[EXERCISE] In the records below, find the line containing "Миска металева подвійна" and the line containing "Elevate your dining". Give again exactly those lines and every line between them, omitting the pictures.

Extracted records

§ §

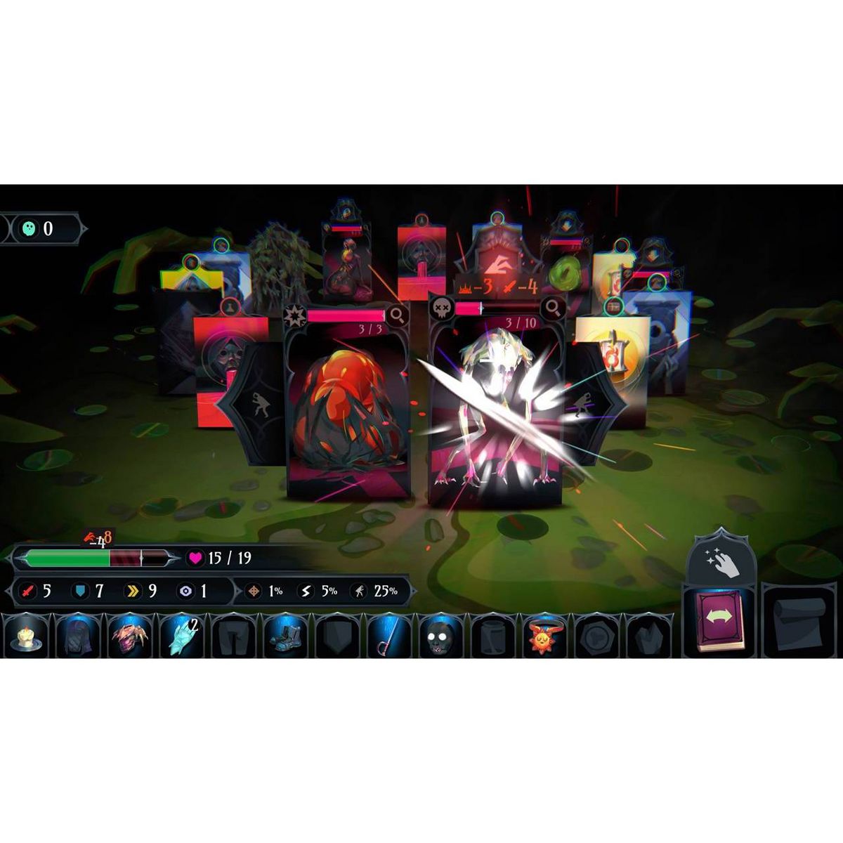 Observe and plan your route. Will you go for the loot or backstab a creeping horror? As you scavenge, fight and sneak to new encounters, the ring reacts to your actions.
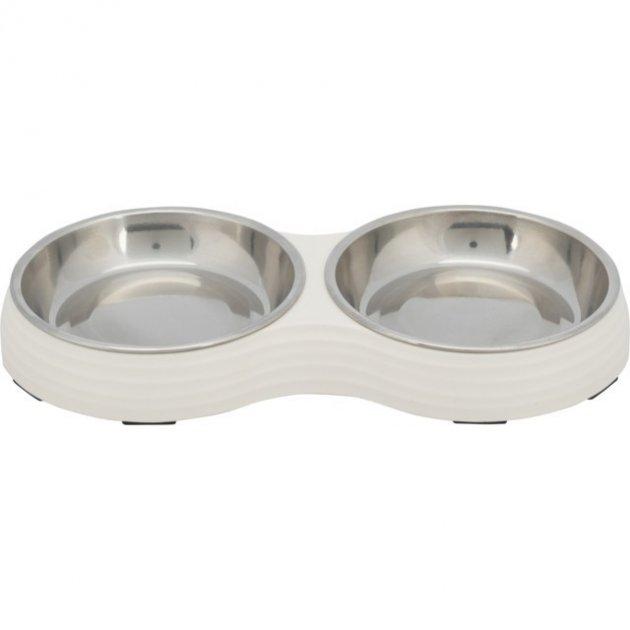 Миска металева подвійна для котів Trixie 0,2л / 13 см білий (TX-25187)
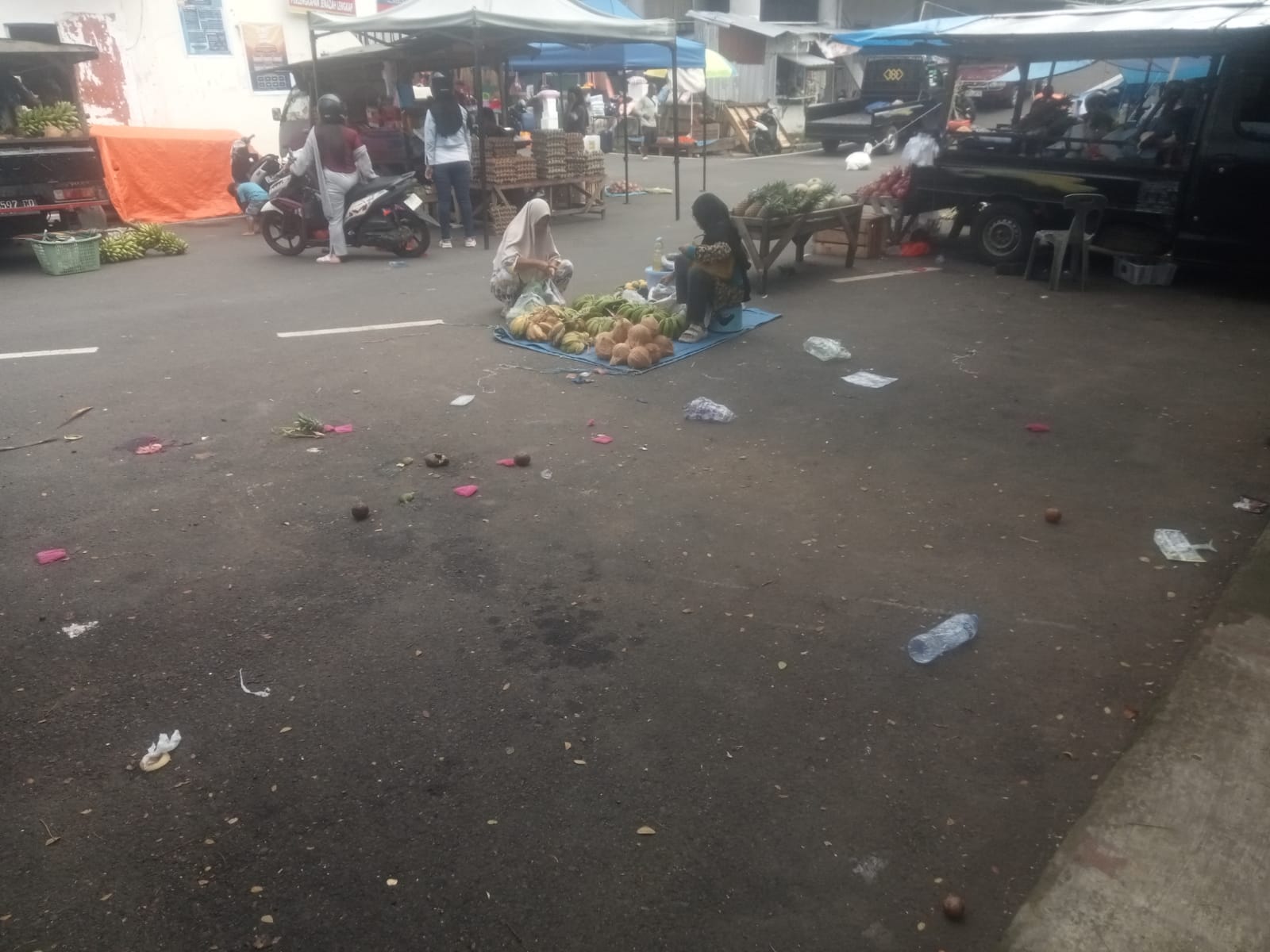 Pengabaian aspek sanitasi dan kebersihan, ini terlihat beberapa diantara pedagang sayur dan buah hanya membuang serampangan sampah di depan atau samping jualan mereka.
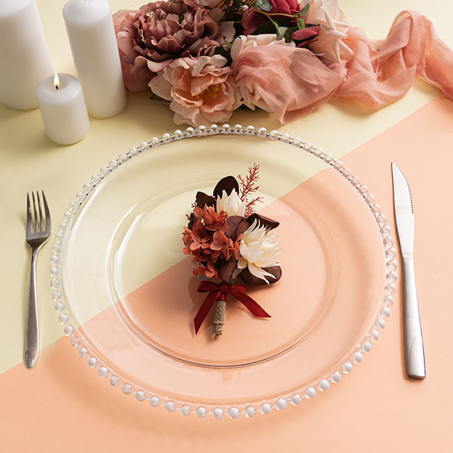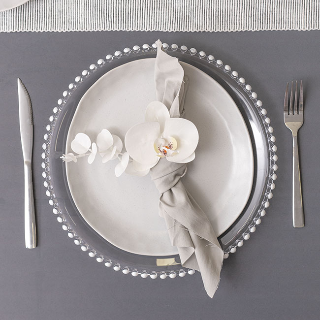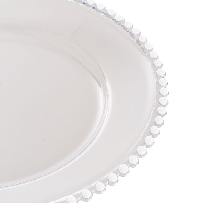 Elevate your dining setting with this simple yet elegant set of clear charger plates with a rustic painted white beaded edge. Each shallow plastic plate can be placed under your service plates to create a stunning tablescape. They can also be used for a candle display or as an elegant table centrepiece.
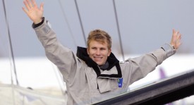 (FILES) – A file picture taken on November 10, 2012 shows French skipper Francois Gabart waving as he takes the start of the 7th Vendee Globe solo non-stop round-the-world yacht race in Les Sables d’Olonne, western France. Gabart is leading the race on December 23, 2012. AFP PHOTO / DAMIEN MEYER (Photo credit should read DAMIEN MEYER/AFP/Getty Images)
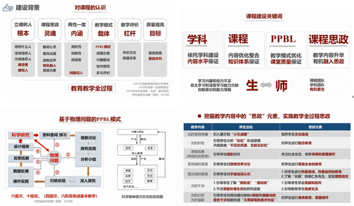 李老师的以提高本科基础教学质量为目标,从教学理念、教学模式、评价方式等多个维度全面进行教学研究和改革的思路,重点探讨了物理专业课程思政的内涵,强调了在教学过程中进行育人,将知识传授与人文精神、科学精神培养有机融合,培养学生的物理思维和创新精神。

§ §

[ANSWER TO THIS EXERCISE]
 Миска металева подвійна для котів Trixie 0,2л / 13 см білий (TX-25187)
 Pengabaian aspek sanitasi dan kebersihan, ini terlihat beberapa diantara pedagang sayur dan buah hanya membuang serampangan sampah di depan atau samping jualan mereka.
 Elevate your dining setting with this simple yet elegant set of clear charger plates with a rustic painted white beaded edge. Each shallow plastic plate can be placed under your service plates to create a stunning tablescape. They can also be used for a candle display or as an elegant table centrepiece.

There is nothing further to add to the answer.